Entropy estimates for a family of expanding maps of the circle

In this paper we consider the family of circle maps $f_{k,\alpha,\epsilon}:\mathbb{S}^1\rightarrow \mathbb{S}^1$ which when written mod 1 are of the form $f_{k,\alpha,\epsilon}: x \mapsto k x + \alpha + \epsilon \sin(2\pi x)$, where the parameter $\alpha$ ranges in $\mathbb{S}^1$ and $k\geq 2.$ We prove that for small $\epsilon$ the average over $\alpha$ of the entropy of $f_{k,\alpha,\epsilon}$ with respect to the natural absolutely continuous measure is smaller than $\int_0^1 \log|Df_{k,0,\epsilon}(x)|dx,$ while the maximum with respect to $\alpha$ is larger.
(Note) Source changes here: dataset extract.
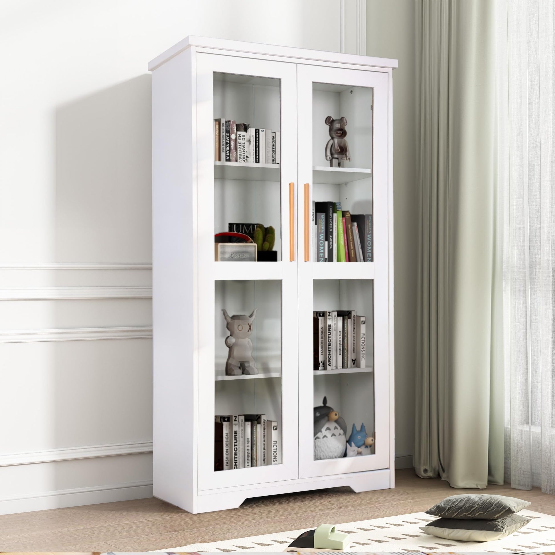 - Our high display storage cabinet features glass door, gold handles and 2 adjustable shelves, provides big practicality for home and office and enhances your home's decorative viewing experience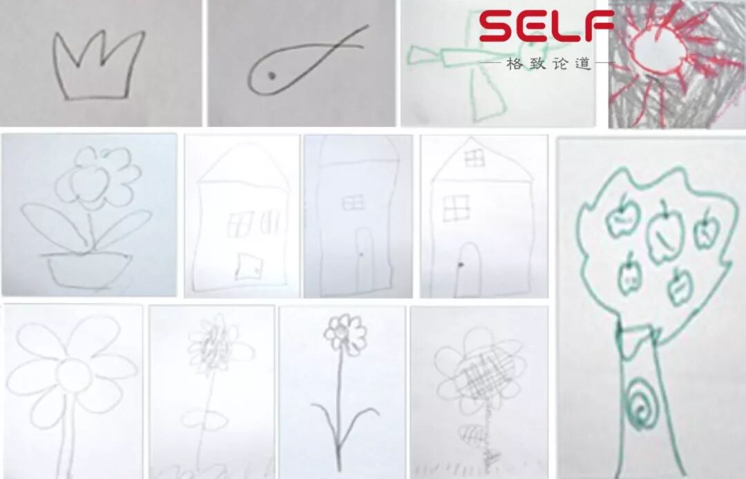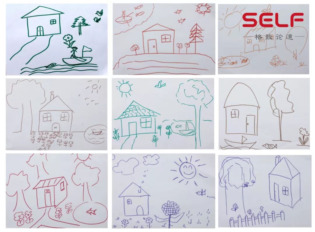 这是我做的另一个实验:我让孩子们随便画一朵花或者一个房子。

In the case of the average the difference is of order of $\epsilon^{2k+2}.$ This result is in contrast to families of expanding Blaschke products depending on rotations where the averages are equal and for which the inequality for averages goes in the other direction when the expanding property does not hold, see [4]. A striking fact for both results is that the maximum of the entropies is greater than or equal to $\int_0^1 \log|Df_{k,0,\epsilon}(x)|dx$. These results should also be compared with [3], where similar questions are considered for a family of diffeomorphisms of the two sphere.